> **Exercise**
Please return every entry below exactly as written, without any of its pictures.

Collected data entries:
· · ·
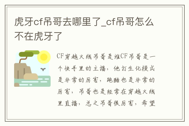 虎牙cf吊哥去哪里了_cf吊哥怎么不在虎牙了
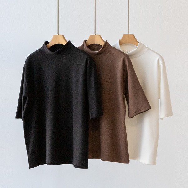 피치 겉 기모 5부 소매 이너 반목 목폴라 티셔츠
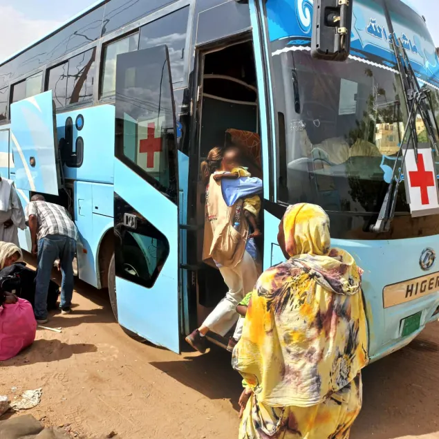 在疏散行动中,红十字国际委员会工作人员抱着一名儿童登上巴士。
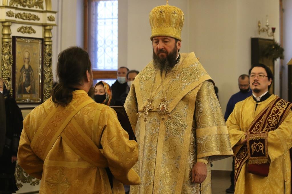 В завершение проповеди Преосвященнейший Архипастырь призвал на собравшихся Божие благословение и пожелал им крепкого здоровья душевного и телесного.
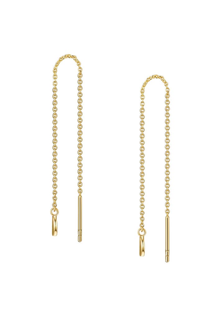 Ein Must-Have der Saison sind die Durchzieher - auch Chain Earrings genannt -, bei denen du eine lange filigrane Kette durch das Ohrloch ziehst. An einem Kettenende baumelt ein schmales Stäbchen, während das andere Ende unterschiedlichst gestaltet werden kann - bei diesem Design des Labels Glanzstücke München mit einem dezenten, runden Mini-Medaillon. Ankerkettchen, Stäbchen und Endstück sind aus 925 Sterlingsilber gefertigt und mit Gelbgold veredelt - eine Edelmetallnuance, die mit ihrem warmen Glanz alle Fashionistas begeistert. Ein perfektes Geschenk für Schmuckliebhaberinnen, die extravagante Accessoires lieben!
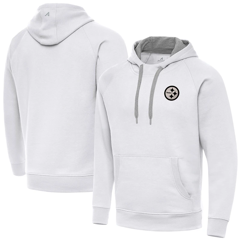Men's Antigua White Pittsburgh Steelers Brushed Carbon Victory Pullover Hoodie
· · ·
> **Completed task**
 虎牙cf吊哥去哪里了_cf吊哥怎么不在虎牙了
 피치 겉 기모 5부 소매 이너 반목 목폴라 티셔츠
 在疏散行动中,红十字国际委员会工作人员抱着一名儿童登上巴士。
 В завершение проповеди Преосвященнейший Архипастырь призвал на собравшихся Божие благословение и пожелал им крепкого здоровья душевного и телесного.
 Ein Must-Have der Saison sind die Durchzieher - auch Chain Earrings genannt -, bei denen du eine lange filigrane Kette durch das Ohrloch ziehst. An einem Kettenende baumelt ein schmales Stäbchen, während das andere Ende unterschiedlichst gestaltet werden kann - bei diesem Design des Labels Glanzstücke München mit einem dezenten, runden Mini-Medaillon. Ankerkettchen, Stäbchen und Endstück sind aus 925 Sterlingsilber gefertigt und mit Gelbgold veredelt - eine Edelmetallnuance, die mit ihrem warmen Glanz alle Fashionistas begeistert. Ein perfektes Geschenk für Schmuckliebhaberinnen, die extravagante Accessoires lieben!
Men's Antigua White Pittsburgh Steelers Brushed Carbon Victory Pullover Hoodie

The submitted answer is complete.